Though clearly resource intensive, bold initiatives like ‘Restock Kroger’, are key to staying in touch with today’s rapidly changing consumer preferences. It’s again worth noting that Kroger’s also carries Alkaline88®.


Costco Wholesale Corporation (NASDAQ: COST), the world’s largest retailer after Walmart, recently reported its fiscal second quarter results. The results beat analyst expectations; net sales for the quarter increased 7.3%, to $34.63 billion from $32.28 billion last year, while net income for the quarter came in at $889 million, or $2.01 per diluted share, compared to $701 million, or $1.59 per diluted share, last year. 

Much of Costco’s growth can be attributed to its Kirkland Signature private label brand—a rare example of a private label done right.

Via Business Insider,

“ . . . Kirkland accounted for nearly a third of all Costco’s [2018] sales. Customers see the brand [Kirkland] as a blend of quality and value, and it gives shoppers a unique reason to go to Costco that other retailers can’t match — online or off.”

While Costco’s Kirkland Signature brand presents a real challenge to many of today’s national labels, its bottled water products sacrifice innovation for affordability—like so many of today’s other private bottled water brands. But it certainly seems to work. 

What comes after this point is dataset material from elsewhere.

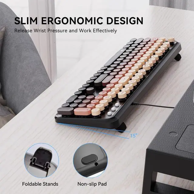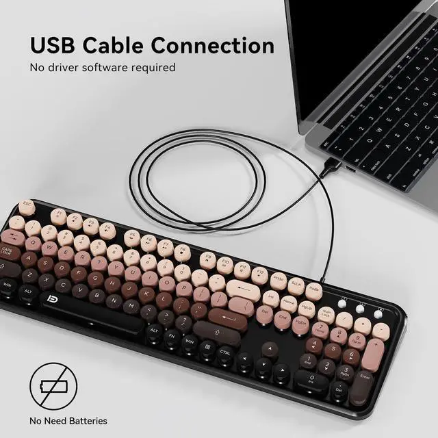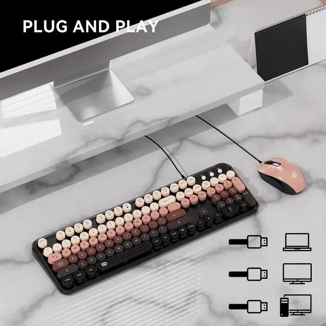 Fashion & Wired Mouse and Kyeboard - Stylish retro wired keyboard and mouse wireless with colorful round 104keys and glossy smooth edges to brighten your workspace. Featuring low-profile whisper-quet technology, this sleek combo ensures a distraction-free typing experience. Perfect for modern desks seeking cute wired keyboard and mouse aesthetics. ^^ 12 Hot Keys for Ultimate Efficiency - Multifunctional wired keyboard with mouse includes 12 hotkeys for media control, email, and search. Optimized for computer keyboard and mouse users in work, school, or entertainment. Streamline tasks with easy-access shortcuts.

Private Water Brands Lack ‘Premium’ Consumer Appeal

Though major retailers are investing in the growth of private label water brands like never before, it appears that “in-house” retailer water brands have still failed to capture the premium consumer.

Via Grocery Dive,

According to the firm’s and the Food Marketing Institute’s “Power of Private Brands” report released this summer, dollar share of grocery private label in the premium (24%), value (18%) and organic (6%) segments has remained unchanged since 2015 despite shifting industry economics.”

This is largely due to the fact that private label water brands have historically focused on value over innovation. However, they may not have to create products for the premium market. The big box retailers, such as Walmart and Krogers, have the added benefit of not only selling their own private-label value brands, but selling premium and innovative brands also, such as the Alkaline Water Company’s  Alkaline88®.

Furthermore, the CBD/hemp-infused segment is expected to be one of the hottest beverage trends in the coming years, but its launch still comes with jurisdictional risk. The Big Box Retailers can let the smaller, more nimble companies – such as the Alkaline Water Company – figure it out first, and then carry their products later when it becomes more mainstream.

Disclosure: Directors of Mugglehead own shares of The Alkaline Water Company Inc. and other marijuana stocks not mentioned in this release and we have been compensated by the Alkaline Water Company for news coverage.